Moths feature in Japanese mythology in the form of Shinchū, also called ‘holy insects’. These are deities that manifest as gargantuan moth-like beasts, with massive mandibles or fang-lined maws. They’re guardian spirits though and will protect humans by seeking out and devouring the evil spirits that cause disease and misfortune. I’m not going to give too much away about the movie’s climax, but this knowledge suggests an alternative reading.
Mothra may represent mythologies and cultural heritage that have survived in the Japanese psyche. In the post-war period, when Japan was taking a long, hard look at its heritage, these pre-imperialist ideologies come to the fore once more. As kaiju, they appear stronger and visit havoc upon the west not by nuclear retaliation, but by a recognition of cultural values and the inherent human ethics they may embody. By the time Mothra emerges from her cocoon, Nelson’s flown back to Rosilica with the priestesses. The indiscriminate destruction of Rosilica’s New Kirk City, caused by the downdraught from the giant moth’s wingbeats, has unmistakable echoes of a nuclear blast. But it was Columbia Pictures that insisted the destruction be brought to a non-Japanese and recognisably American city!
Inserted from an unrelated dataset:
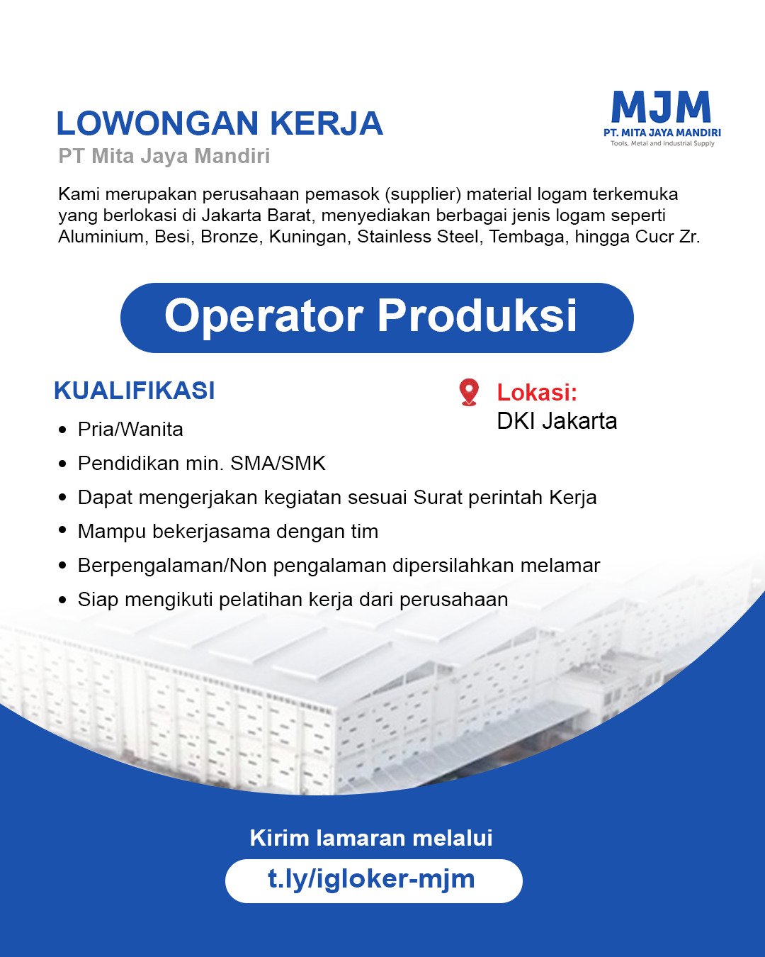 PT Mita Jaya Mandiri membuka lowongan Operator Produksi untuk penempatan DKI Jakarta. Posisi ini berperan dalam mengerjakan kegiatan sesuai Surat Perintah Kerja (SPK) serta bersedia mengikuti pelatihan kerja yang disediakan perusahaan.

When it’s all said and done, we have a family-friendly fantasy epic with a feel-good factor unlike many of the other kaiju films I’ve seen. There’s enough cliché to satisfy, but it’s not predictable and certainly would’ve been incredibly original back in the early-’60s. The characters are likeable, except for the villain who’s totally hate-able in his self-serving disregard for all morals and other living things—the kind of guy who knows the price of everything but the value of nothing. Don’t worry, he’ll get his. Good wins out by always doing the right thing regardless of risk and with no immediate reward… and evil defeats itself, with a little help from a massive mythical moth! With Mothra, Toho set out a new model for the monster movie, where the real monsters are us, but so are the heroes… and the monster is a totem, an incorruptible force of nature with whom our sympathies lie.
Hope, salvation and plenty of good-natured destruction along the way! What more do you want?
JAPAN | 1961 | 101 MINUTES • 62 MINUTES (RE-ISSUE) • 90 MINUTES (THEATRICAL) • 91 MINUTES (VHS RE-ISSUE) • 86 MINUTES (TV EDIT) | 2.35:1 | COLOUR | JAPANESE • ENGLISH • INDONESIAN
director: Ishirō Honda.
writer: Shinichi Sekizawa (based on ‘The Luminous Fairies and Mother’ by Shin’ichirō Nakamura, Takehiko Fukunaga & Yoshie Hotta).
starring: Frankie Sakai, Hiroshi Koizumi, Kyōko Kagawa & The Peanuts.